本発明により、超高真空のシール手段に用いて好適であり、例えば真空室と真空ポンプのような真空容器の間を接続し、しかもその間を電気的に遮断する絶縁フランジ接続構造体が容易に提供される。そして、この絶縁フランジ接続構造体により荷電粒子発生装置の高性能化が促進される。
以下に本発明の好適な実施形態について図面を参照して説明する。図面において互いに同一または類似の部分には共通の符号を付して、重複説明は省略される。
まず、絶縁フランジ接続構造体について図1および図2を参照して説明する。ここで、図1は、絶縁フランジ接続構造体の一例を示す縦断面図である。

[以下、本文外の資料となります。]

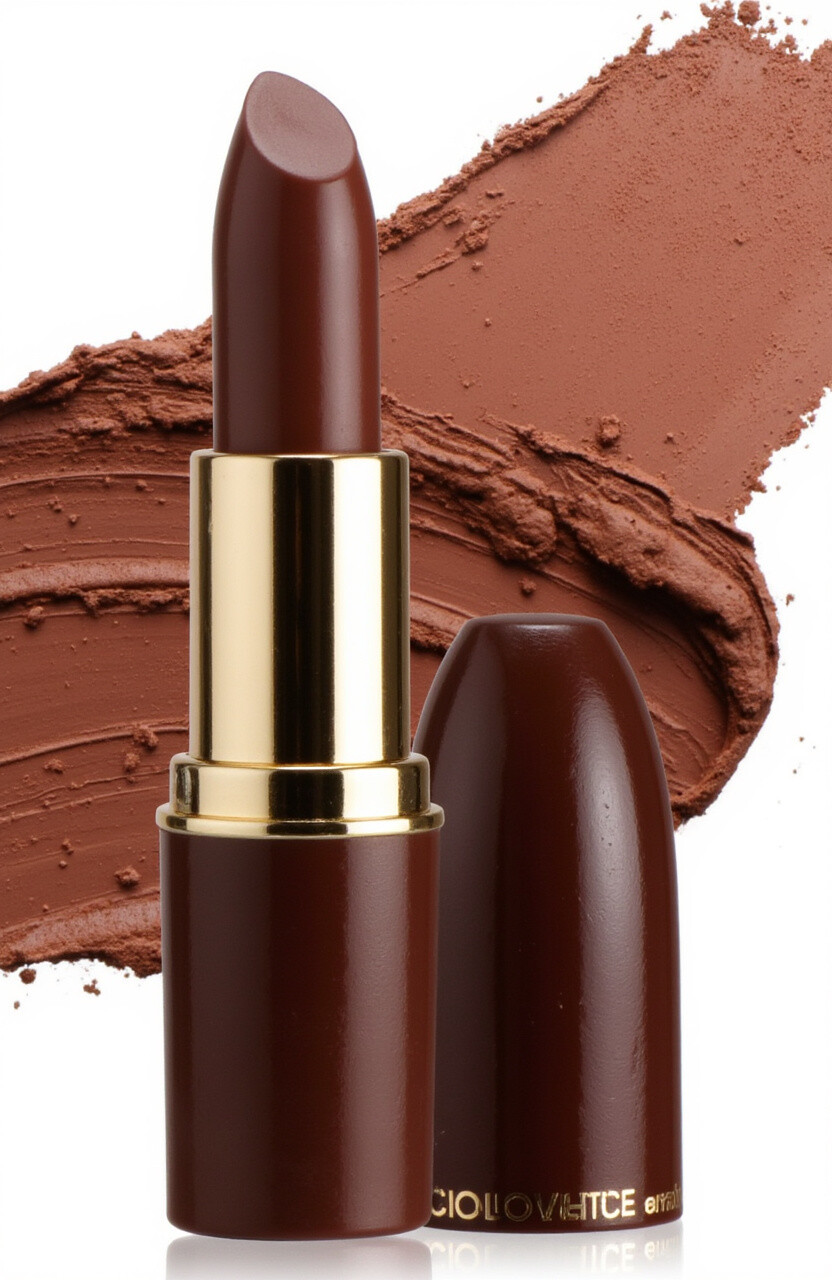 Chocolate lipstick is warm and inviting, perfect for a cozy and sophisticated look.

そして、図2(a)は、絶縁フランジ接続構造体において一対のフランジ間に介挿される絶縁性スペーサの平面図であり、図2(b)は、上記一対のフランジを締結する連結ボルトの一例を示す側面図である。
図1に示すように、本実施形態の絶縁フランジ接続構造体10は、例えばステンレス製の第1のフランジ11aおよび第2のフランジ11bから成る1組のフランジ11、絶縁性樹脂から成る円環状のガスケット12、円環状の絶縁スペーサ13、連結ボルト14、ナット15、絶縁性ワッシャ16を具備している。
第1のフランジ11aおよび第2のフランジ11bは、それぞれ円筒状の真空容器17a、17bに一体に取りつけられている。そして、これ等の真空容器17aおよび17bは、それぞれ後述する荷電粒子発生装置の真空室および真空ポンプ室に連通している。また、この1組のフランジ11のつば部には、連結ボルト14が挿通されるボルト孔18が設けられている。

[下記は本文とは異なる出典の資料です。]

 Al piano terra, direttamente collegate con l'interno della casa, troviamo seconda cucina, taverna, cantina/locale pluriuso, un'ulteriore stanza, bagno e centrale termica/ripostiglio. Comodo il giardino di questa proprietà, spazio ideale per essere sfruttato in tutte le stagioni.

更に、第1のフランジ11aおよび第2のフランジ11bの結合面には、シール部であるナイフエッジ19がその全周に沿って設けられている。そして、エン環状のガスケット12のシール面が連結ボルト14およびナット15で締め付けられることによりナイフエッジ19に狭圧されるようになっており、このシール部において真空容器17a、17bが真空シールされる。
ここで、第1のフランジ11aおよび第2のフランジ11bは、ステンレス合金などの硬質金属材で形成されていてもよいし、アルミニウム合金や銅などの軟質金属材で形成されていても構わない。
ガスケット12は、弾性を有する絶縁性樹脂から成り、後述の実施例で示すようなポリイミド樹脂の成形体が好適である。このポリイミド樹脂は、溶液重縮合で合成したポリイミド樹脂が所定の圧力および温度で押し固められ、その密度が高められて適度な弾性率を有するようになったものである。そして、上記ナイフエッジ19の狭圧により、ガスケット12のシール面が弾性変形しナイフエッジ19に食い込みキャプチャーシールがなされるようになっている。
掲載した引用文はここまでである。